# Exercise objective
The lines below from the one with "USCIS Form N" up to and including the one with "Напомним, что в" are what you should set down, exactly and without pictures.

# Provided information
:::

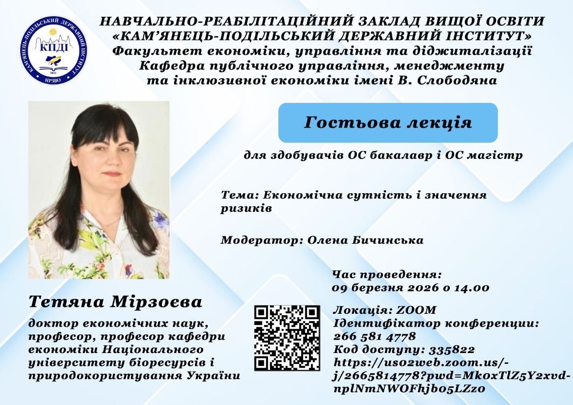 Відкрита лекція доцента кафедри економіки Наталії СУЛІМИ
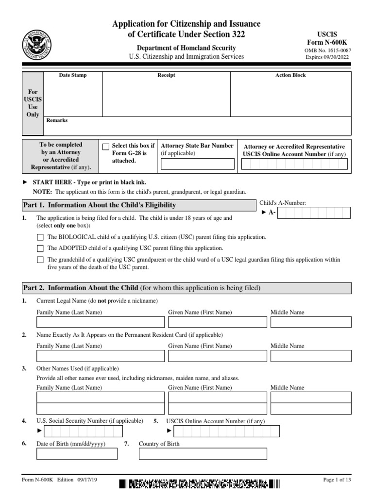 USCIS Form N 600K Fill Out Sign Online and Download Fillable PDF
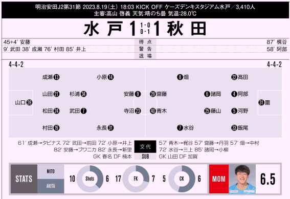 — チータラオ (chee1415tarao) 2023, 8月 19水戸1-1秋田。
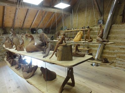 Les sculptures sont ensuite exposées dans ma Salle d'Exposition, ancien fenil, au dessus de mon atelier.
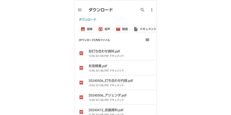 Androidスマホ内にダウンロードしたPDFファイルは、基本的に内部ストレージの「Download」フォルダに保存されます。「ファイル」アプリの「ダウンロード」のフォルダをチェックしてみてください。
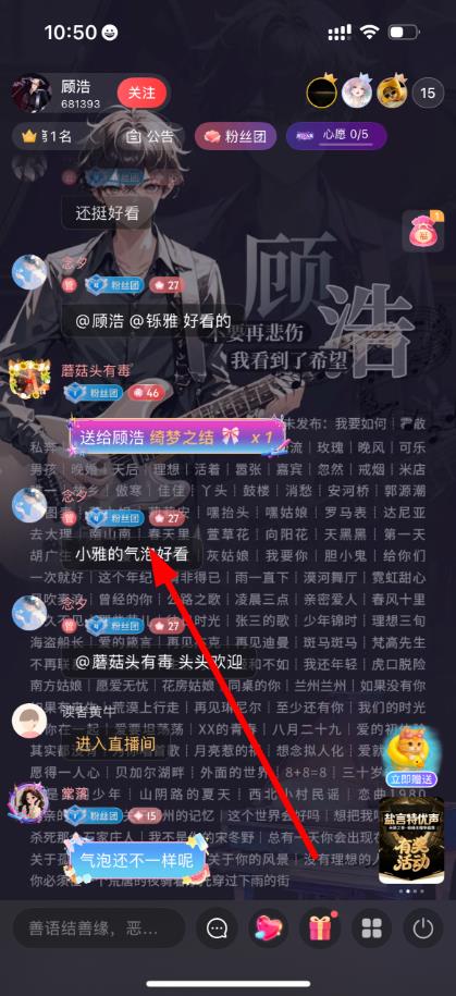 3、点击主播头像或直播封面,进入对应的直播间观看直播。
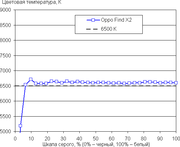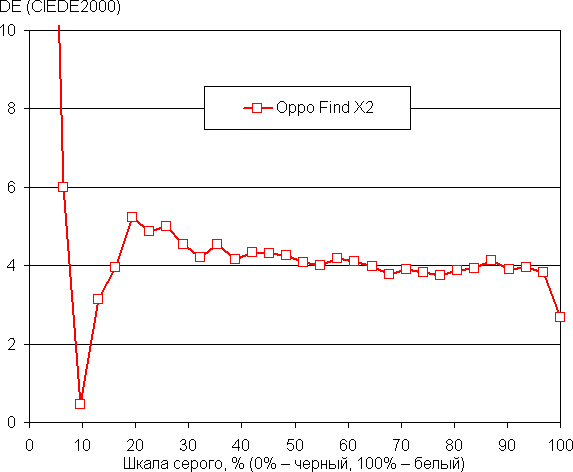 Напомним, что в случае OLED-экранов яркость фрагментов изображения динамично меняется в соответствии с характером выводимого изображения — немного уменьшается для светлых в целом изображений. В итоге полученная зависимость яркости от оттенка (гамма-кривая), скорее всего, не соответствует гамма-кривой статичного изображения, так как измерения проводились при последовательном выводе оттенков серого почти на весь экран.
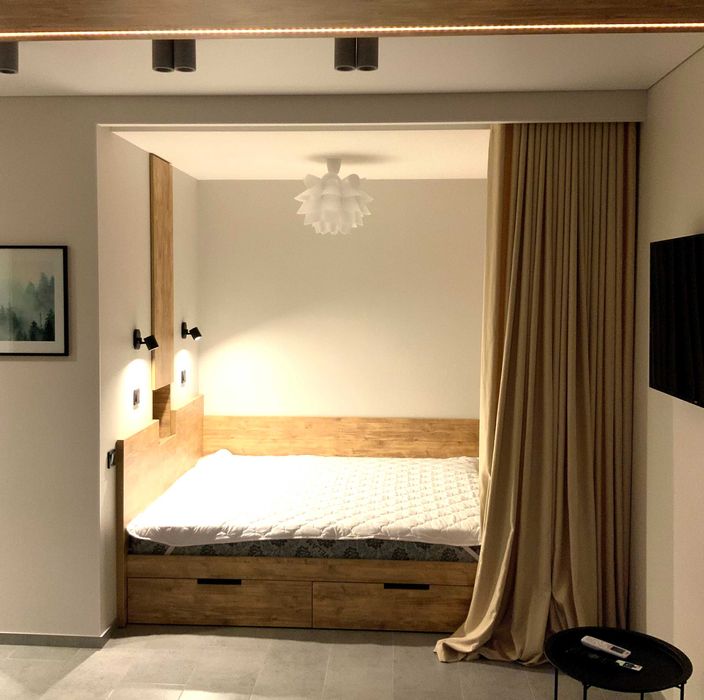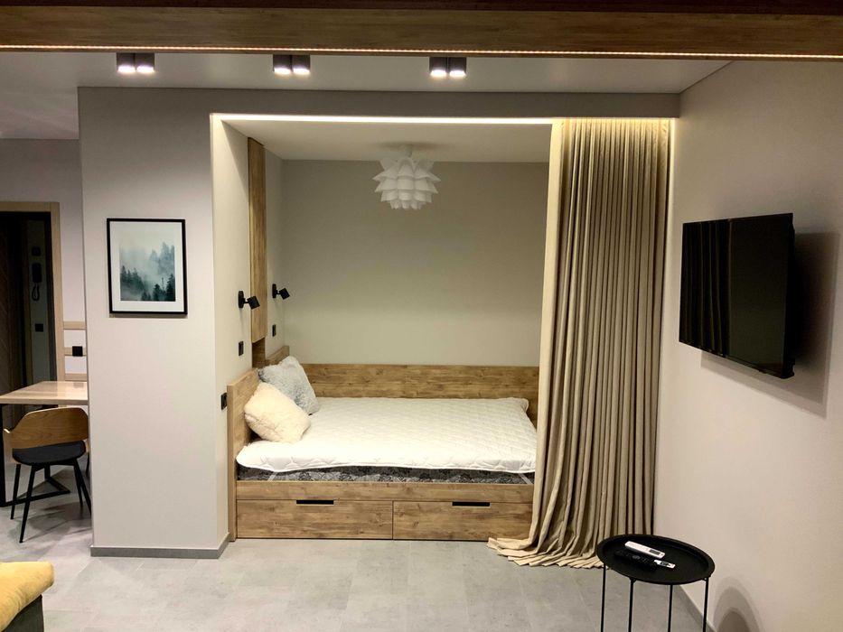 Затишна студія на Леваді від ГОСПОДАРЯ; Комфортабельна студія в новобудові на Леваді. Чудовий панорамний вид з великого еркерного вікна над подіумом з натурального дерева (8й поверх).
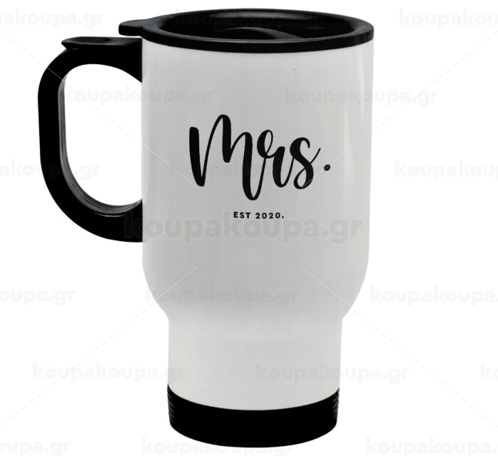 Mr & Mrs (Mrs), Κούπα ταξιδιού ανοξείδωτη με καπάκι, διπλού τοιχώματος (θερμό) λευκή 450ml
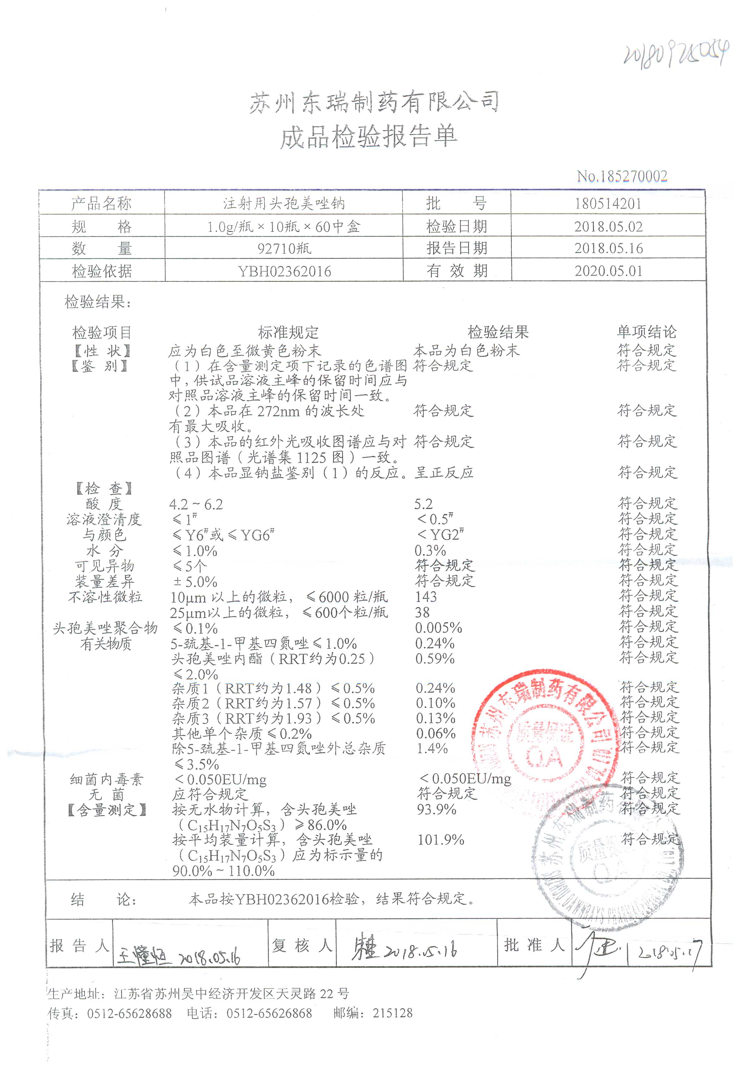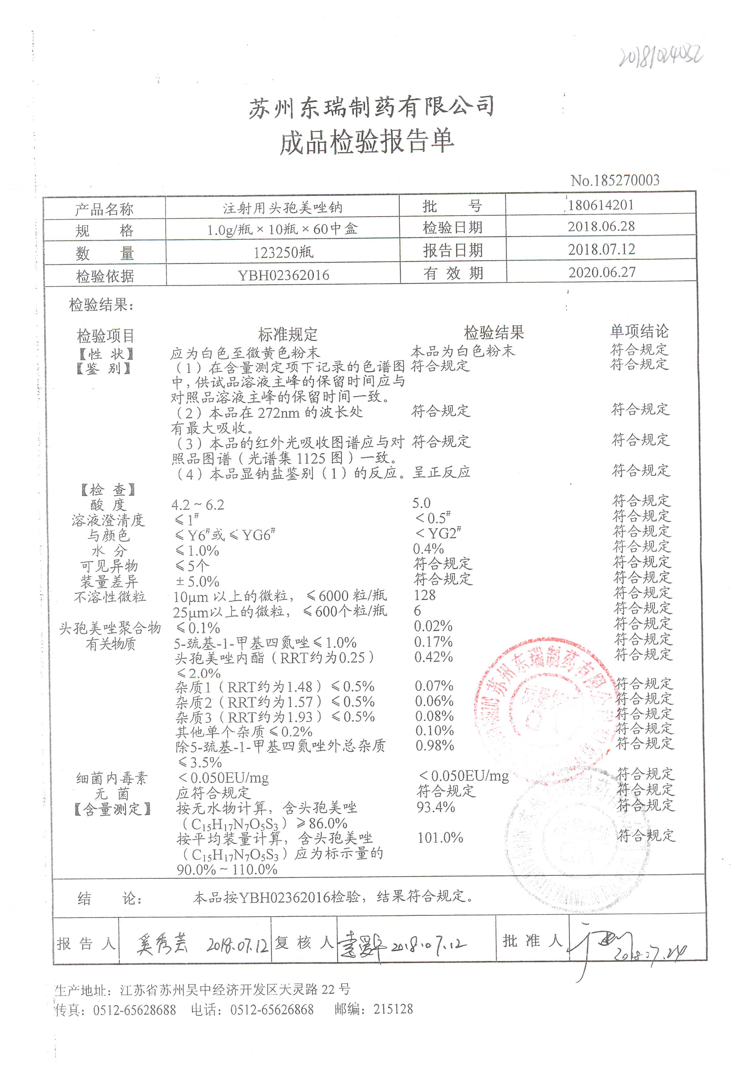 注射用頭孢美唑鈉 | 1g*10*60 | 180214201 | 查看詳情 |
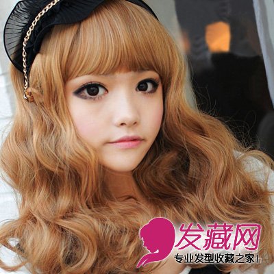 小编点评:金色的齐刘海波浪卷发,就如芭比娃娃一样甜美可爱,齐刘海和蓬松的卷发,可以将圆脸遮成小V脸。
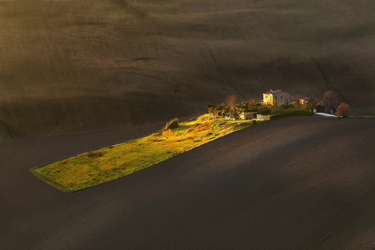 Perdonami Luca ma sommessamente voglio andare un pò controcorrente rispetto al sentimento comune emerso in questo post. E lo faccio nella convinzione che la pluralità di idee sia un valore aggiunto in qualsiasi ambito se condotta con garbo. Taglio, location e soggetto formidabili, ma trovo la PP esageratamente innaturale. Lo stacco fra le due tipologie di terreno, pur se oggettivamente esistente, è, a mio giudizio, eccessivo e risulta troppo 'finto'. Il colore scelto per la proprietà incastonata nella campagna toscana (presumo) fa pensare ad una strisciata con l'evidenziatore e questo per me la rende un tantino kitsch. Più equilibrata la tua foto precedente che potrebbe essere anche origine di questa in virtù di un crop. Simile impronta anche in "___!__----___" dove però si potrebbe pensare ad una lama di luce esasperata da un'azzeccata esposizione poi coerentemente trattata. Difficile ormai in fotografia determinare il confine fra le varie categorie da una parte e l'Artwork dall'altra, ma questo scatto lo collocherei indubbiamente in quest'ultima. Nuova, emergente, divertente, dalle enormi potenzialità ma che troppo spesso si allontana dalla fotografia e troppo spesso strizza l'occhiolino alla facile lettura.
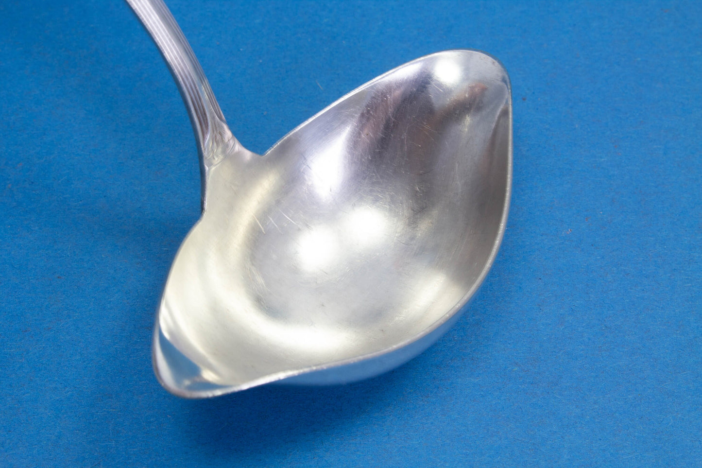 Eine versilberte Soßenkelle mit einem hübschen Muster.
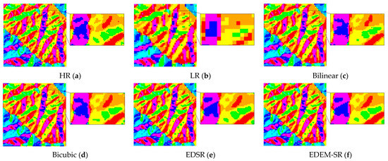 Figure 8 show the terrain parameters for DEMs reconstructed by different methods at the scale of 4. The color difference between Figure 8a, Figure 9a and Figure 10a and other images series shows the ability of different methods to maintain the terrain features. Figure 8c, Figure 9c and Figure 10c show the slope, aspect, and curvature for a DEM reconstructed by bilinear interpolation. From its color change, it can be seen that the bilinear method eliminates the slope decline, connects several adjacent areas with similar aspects, and the curvature is quite different from the original curvature. Specifically, the color transition of Figure 8c is not obvious, the regions separated in Figure 9a are connected in Figure 9c, and Figure 10c has an obvious artificial texture. Figure 8d, Figure 9d and Figure 10d show the terrain parameters for a sample DEM reconstructed by bicubic interpolation. The method’s performance is better than bilinear, but it has similar problems maintaining the terrain parameters. Interpolation methods all have shortcomings associated with the preservation of fuzzy and smooth terrain features. Figure 8e, Figure 9e and Figure 10e and Figure 8f, Figure 9f and Figure 10f show the results of EDSR and EDEM-SR, respectively. It can be seen that the color changes for these two methods are close to the original DEM, which confirmed that the terrain features reconstructed by the deep learning methods are close to those in the original DEM. Compared with the DEMs reconstructed by interpolation methods, the DEMs reconstructed by our method show many of the same features as the original DEM.
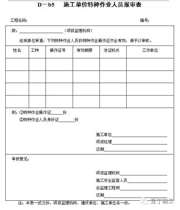 有特殊作業(yè)人員,需向項(xiàng)目部上報(bào)其工程相應(yīng)的合格有效的特殊工程作業(yè)人員操作證復(fù)印件(如:電工、電氣焊工、架子工、起重司索工、起重司機(jī)、起重機(jī)械安拆工、吊籃安拆工、場(chǎng)內(nèi)機(jī)動(dòng)車駕駛員、樁工等)。
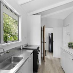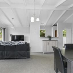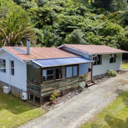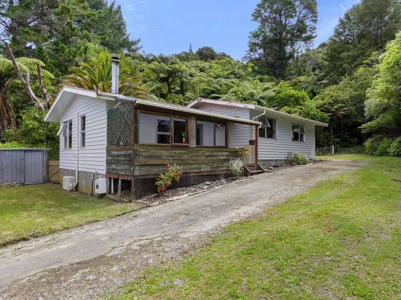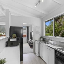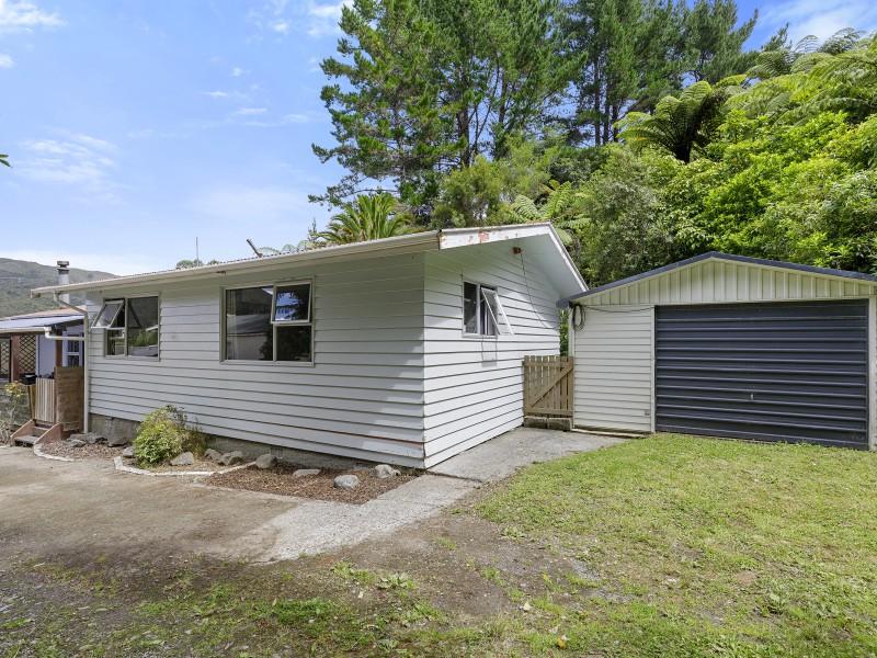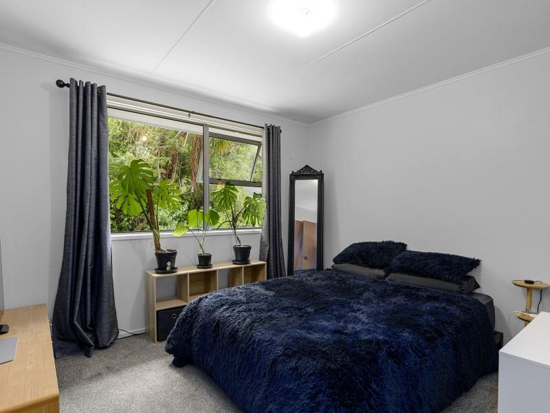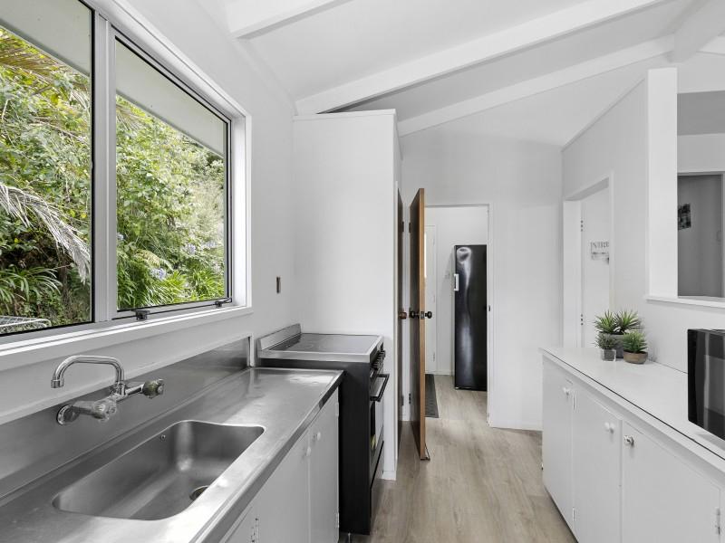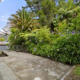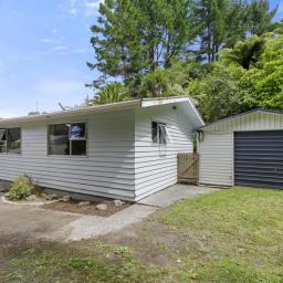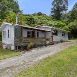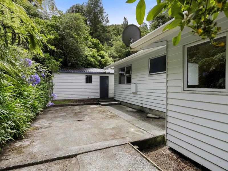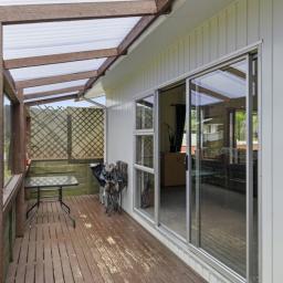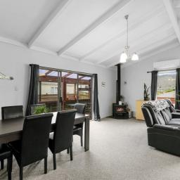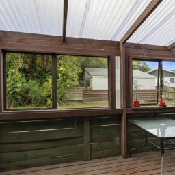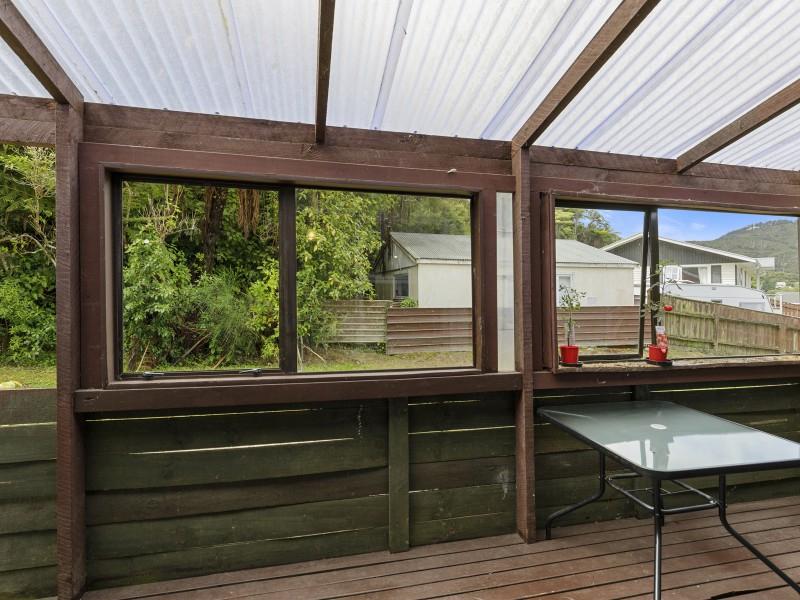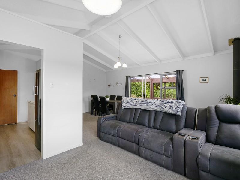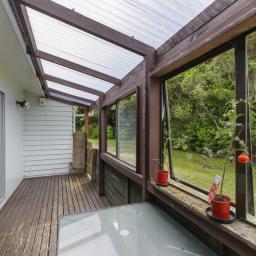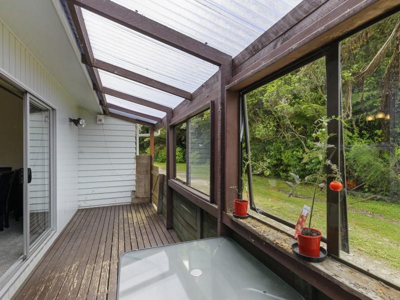 Covered deck area that extends from the living area, and native bush at the back of the section. Separate garage and parking for 6 cars on the drive way.

:::

# Response
 USCIS Form N 600K Fill Out Sign Online and Download Fillable PDF
 — チータラオ (chee1415tarao) 2023, 8月 19水戸1-1秋田。
 Les sculptures sont ensuite exposées dans ma Salle d'Exposition, ancien fenil, au dessus de mon atelier.
 Androidスマホ内にダウンロードしたPDFファイルは、基本的に内部ストレージの「Download」フォルダに保存されます。「ファイル」アプリの「ダウンロード」のフォルダをチェックしてみてください。
 3、点击主播头像或直播封面,进入对应的直播间观看直播。
 Напомним, что в случае OLED-экранов яркость фрагментов изображения динамично меняется в соответствии с характером выводимого изображения — немного уменьшается для светлых в целом изображений. В итоге полученная зависимость яркости от оттенка (гамма-кривая), скорее всего, не соответствует гамма-кривой статичного изображения, так как измерения проводились при последовательном выводе оттенков серого почти на весь экран.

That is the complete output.